- _Problem requirements_
Your answer must be an exact copy of the listing that follows, with all pictures omitted.

- _Recorded information_
┄┄┄┄┄┄┄┄┄┄┄┄┄┄┄┄┄┄┄┄
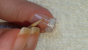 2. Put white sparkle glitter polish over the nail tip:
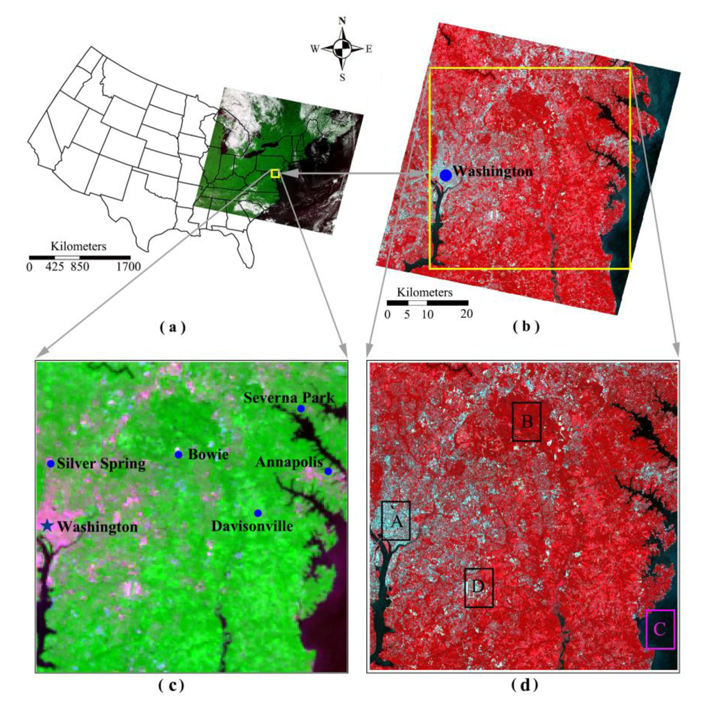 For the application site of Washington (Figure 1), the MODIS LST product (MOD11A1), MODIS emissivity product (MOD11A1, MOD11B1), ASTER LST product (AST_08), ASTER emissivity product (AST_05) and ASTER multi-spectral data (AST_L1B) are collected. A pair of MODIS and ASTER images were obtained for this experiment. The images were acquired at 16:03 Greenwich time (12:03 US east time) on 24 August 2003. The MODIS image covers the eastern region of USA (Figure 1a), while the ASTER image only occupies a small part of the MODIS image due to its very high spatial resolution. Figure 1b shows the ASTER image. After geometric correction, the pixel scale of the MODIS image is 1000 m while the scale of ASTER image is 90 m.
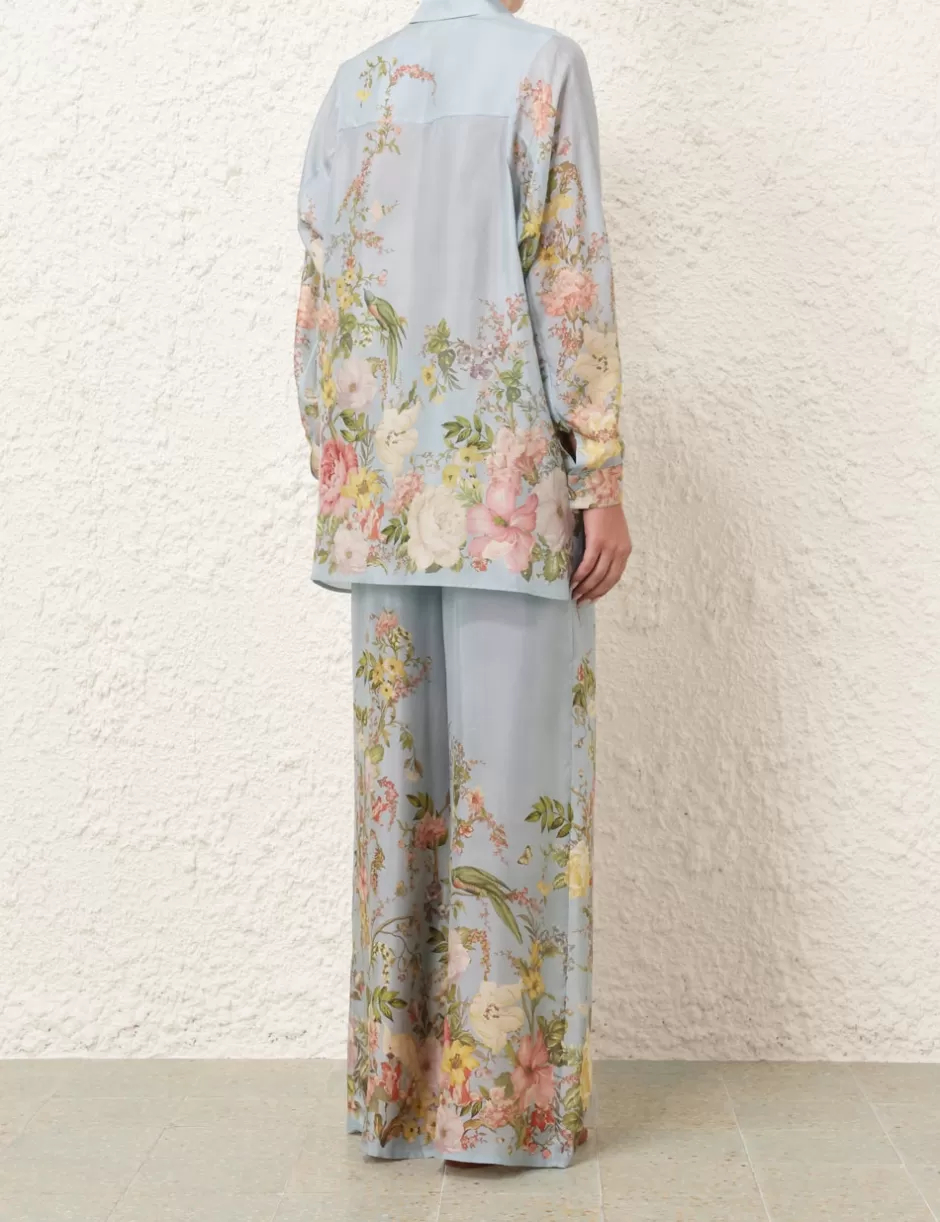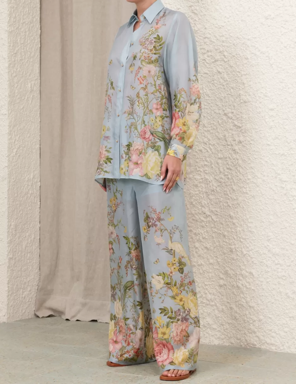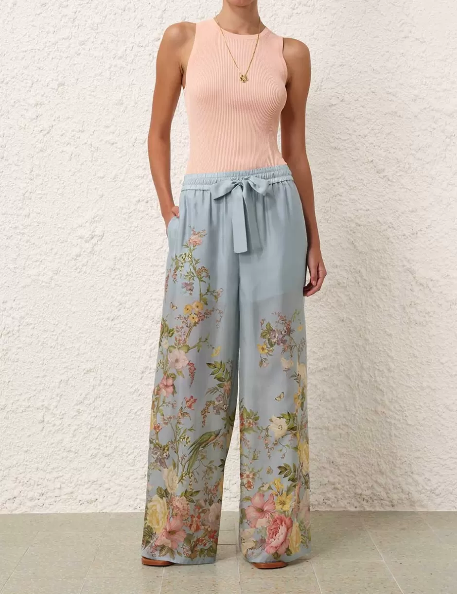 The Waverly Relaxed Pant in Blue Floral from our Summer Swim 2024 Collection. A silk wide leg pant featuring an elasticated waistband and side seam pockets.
┄┄┄┄┄┄┄┄┄┄┄┄┄┄┄┄┄┄┄┄
- _Result_
 2. Put white sparkle glitter polish over the nail tip:
 For the application site of Washington (Figure 1), the MODIS LST product (MOD11A1), MODIS emissivity product (MOD11A1, MOD11B1), ASTER LST product (AST_08), ASTER emissivity product (AST_05) and ASTER multi-spectral data (AST_L1B) are collected. A pair of MODIS and ASTER images were obtained for this experiment. The images were acquired at 16:03 Greenwich time (12:03 US east time) on 24 August 2003. The MODIS image covers the eastern region of USA (Figure 1a), while the ASTER image only occupies a small part of the MODIS image due to its very high spatial resolution. Figure 1b shows the ASTER image. After geometric correction, the pixel scale of the MODIS image is 1000 m while the scale of ASTER image is 90 m.
 The Waverly Relaxed Pant in Blue Floral from our Summer Swim 2024 Collection. A silk wide leg pant featuring an elasticated waistband and side seam pockets.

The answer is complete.